"You've been following me," Ariel looked at Sheila, and she smiled.
Who am I talking about up there? When you over-use pronouns, you confuse readers. Learn the tricks of spotting excessive pronoun usage, and eliminate it from your writing.
He Said, She Said, They Said
Eliza looked at Mary. She shuddered before she spoke. "They're coming for us."
There are so many pronouns in the example above, no one can tell what's going on. Did Eliza both shudder and speak, or did Mary? Maybe Eliza shuddered, and Mary spoke. Or it could be the other way around. Maybe there's a third she involved in this mix.
The point is, I don't know. And you know what? I'm not going to try to sit here and figure it out. When I'm reading a book, the last thing I want to do is play the Match the Pronoun game.

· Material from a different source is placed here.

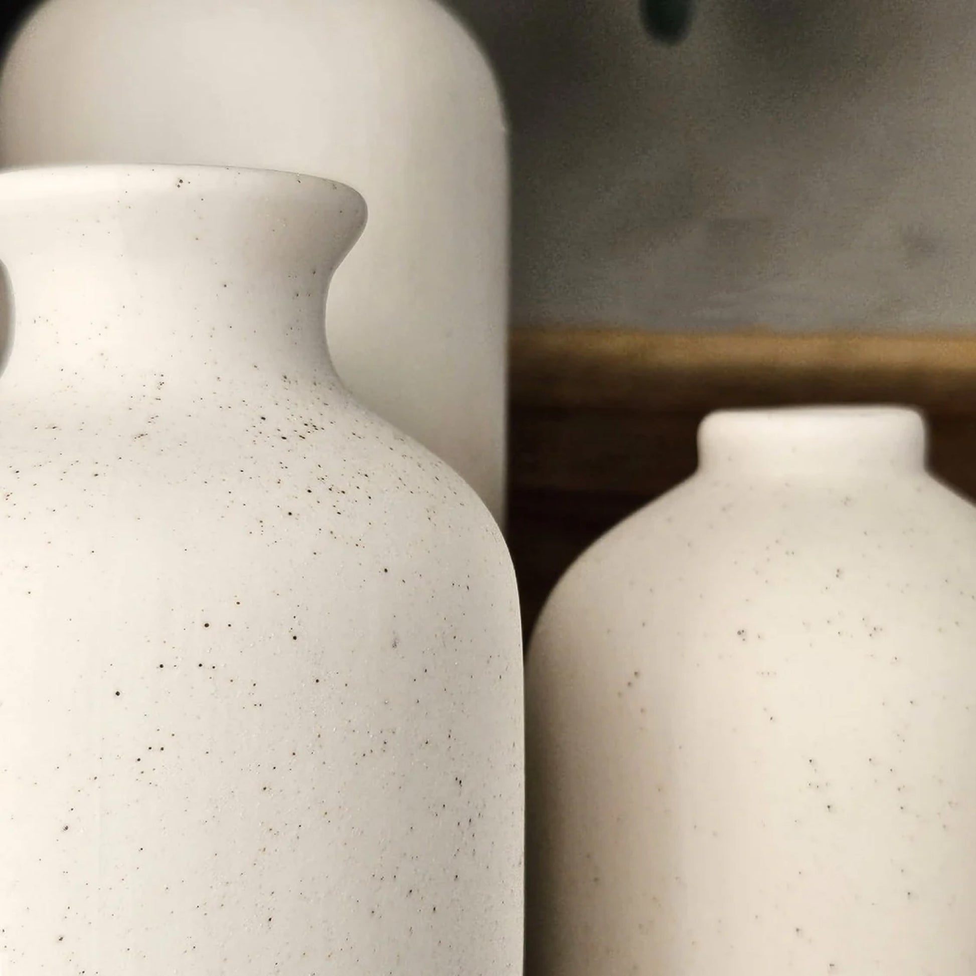 Eleva tus espacios con este elegante set de jarrones de cerámica en tonos neutros.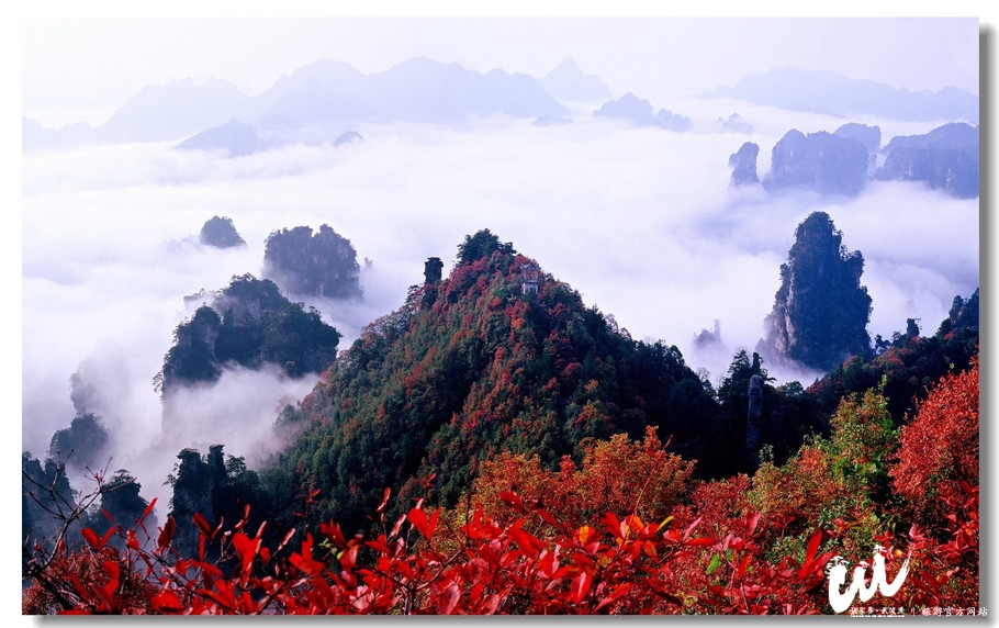 張家界武陵源晚秋美景嫵媚醉人2015/11/13“秋日張家界,風景勝畫卷。” 11月12日,一批韓國游客在世界自然遺產地武陵源黃石寨景區(qū)開心地合影留念。

If I have to stop reading to ask "wait -- is that 'he' Marcus or Dave?" then you aren't doing your job as an author.
Grammar is always difficult to figure out, and the best way to keep your pronouns in check is through careful editing. But there is a hard-and-fast rule that I like to use that does help: don't repeat the same pronoun in a sentence. If there's a she, use it just once. Same with he and all the rest. And if there is any confusion at all, use a proper name. Sometimes, you might need to add pronouns to once sentence and take them from another. But I like to eliminate pronouns entirely when there's confusion.
Eliza looked at her. Mary shuddered before speaking. "They're coming for us."
Eliza looked at Mary, who shuddered before she spoke. "They're coming for us."
You have to be particularly careful of pronouns when two or more persons of the same gender are interacting, because tracing all the he and she stuff shouldn't be difficult. Make your book easy to read, and don't make reader play the pronoun game.